Fifth-graders Nell Curtin and Hazel Thurston from K.W. Barrett Elementary in Arlington, Va., and their classmates developed a sports game for space, called “Save the World,” using Sir Isaac Newton’s three laws of motion for their investigation. The project was awarded the “NASA Sports Challenge” and will be played aboard the International Space Station later this year, with a few modifications. The goal is for astronauts to gather objects and build devices to save the planet, which actually is just a large, soft ball, from incoming meteorites.
Thurston ended their presentation with a small piece of advice for the space participants: “Play safe.”
Curtin said if she could ask the astronauts questions after they played, they would be, “Who won?” and “What was the most challenging part?”
Alicia Baturoni, a lead education specialist at NASA’s Glenn Research Center in Cleveland, asked the adults in attendance to think back to where they were when they were in elementary school.
“You’ve got a great head start,” Baturoni told the students. “I hope you are all really proud of yourselves.”

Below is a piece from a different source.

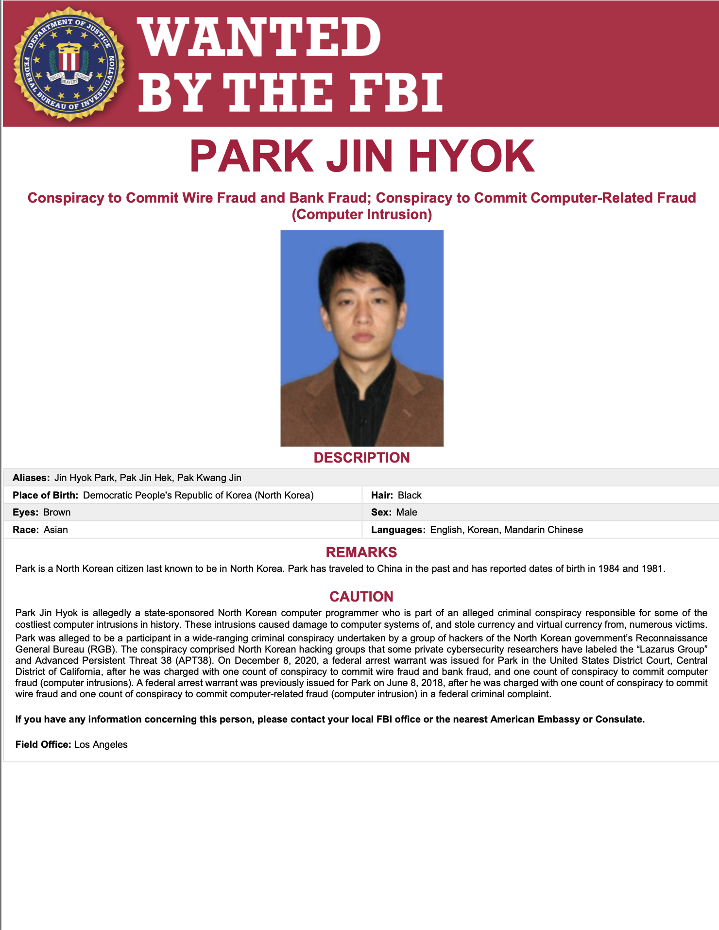 Park Jin Hyok is a US-indicted, state-sponsored North Korean programmer linked to the Reconnaissance General Bureau, accused of orchestrating large-scale cyber intrusions and theft of fiat and virtual currency as part of the Lazarus Group/APT38 network.
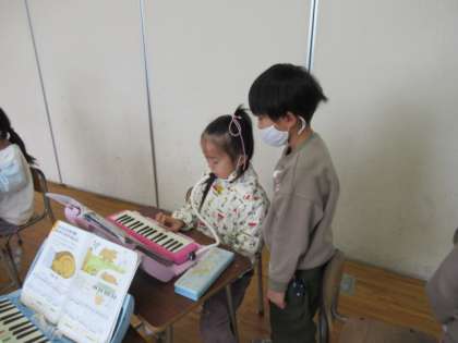 2年生 指の位置を気を付けて弾こう 〜鍵盤ハーモニカ〜

A day later, career panelist and chemical engineer Annie Caraccio echoed those sentiments.
“When I was in fourth-grade, I think I was only interested in Girl Scouts and playing soccer outside,” Caraccio said. “So congratulations . . . I look forward to seeing you accomplish great things and working with you in the future.”
Baturoni moderated the career panel, which boasted a wide variety of Kennedy employees, from a wildlife ecologist and human resource specialist to a chemist, engineer and contracting officer.
Afterward, the students participated in hands-on educational and skill-building activities. Elementary students built miniature robots using things like toothbrush bristles, wires and a small battery. The high schoolers built speakers using things like copper wire, a foam plate and a magnet.
As they worked on their speakers, Fernando Zamora-Jimenez and Jakob Ingra, eighth-graders from High Point, N.C., talked about the investigation that brought them to Kennedy. They took cinnamon basil seeds that were flown in space and compared their growth to seeds that remained on Earth. They found that the space-flown seeds grew faster in the beginning, but also died faster. Their conclusion: The space-flown seeds weren’t accustomed to Earth’s climate.
“From this experience, I’ve learned that if you try your hardest, there really are rewards,” said Zamora-Jimenez, who is looking forward to joining the veterinarian or medical field and obtaining a private or commercial pilot’s license.
In the past, the NASA Explorer School Symposium only was open to fifth- through ninth-grade students. Priscilla Moore, an education specialist at Kennedy, explained the reason for opening it up to older students was to deliver NASA educational content to a much broader audience.
“The NASA Explorer Schools mission is to be the agency’s classroom-based gateway to middle and high school students,” said Moore, “inspiring them to participate in NASA missions and develop their aptitudes in science, technology, engineering and math.”